Abstract
Coptis omeiensis, as an important Chinese medicinal plant, has been endangered because of overharvesting. To better understand and protect this species, we report the first complete chloroplast genome sequence of C. omeiensis. The chloroplast genome was found to be 154,684 bp in length, and GC content was 38.2%, with large and small single copy regions (LSC with 85,099 bp and SSC with 17,239 bp in length) separated by two Inverted repeat regions (IRs with 26,173 bp). Meanwhile, the sequence contained 113 genes, including 79 protein-coding, 30 tRNA, and 4 rRNA genes. The phylogeny of Ranunculaceae based on the complete cp genomes of 27 related taxa was also presented in this study.
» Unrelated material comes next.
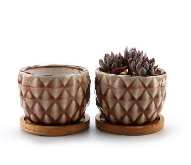 Ceramic Pineapple Succulent Pot Set with FREE Bamboo Trays White Pack of 2
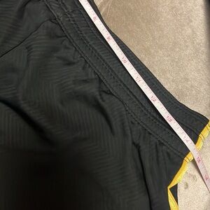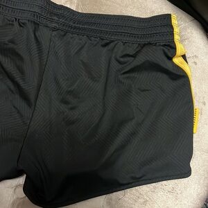 Gently used Nike dry fit shorts with the livestrong logo, in black and gold. These have a white tie at the waist band so you can make them fit you perfectly and the inseam is just over 3 inches and they are about 11 inches long. These have a nice Textured look to them although they’re smooth and very comfortable. Very good used condition.

The goldthread genus Coptis is a small genus with about 15 species in Ranunculaceae and famous for its great pharmaceutical importance (Xiang et al. Citation2016, Citation2018). Coptis omeiensis (Chen) C. Y. Cheng is restricted to the mountain cliffs in central Sichuan Province, China, at the altitude of 1000–1700 m. Due to its medicinal importance, this species has been harvested for hundreds of years, and its wild population have been shrinking dramatically (Qin et al. Citation2011). In order to better understand and protect this species, we reported and characterized the first complete chloroplast genome of C. omeiensis by the next-generation sequencing technology. Furthermore, a phylogenomic analysis of Ranunculaceae was also presented.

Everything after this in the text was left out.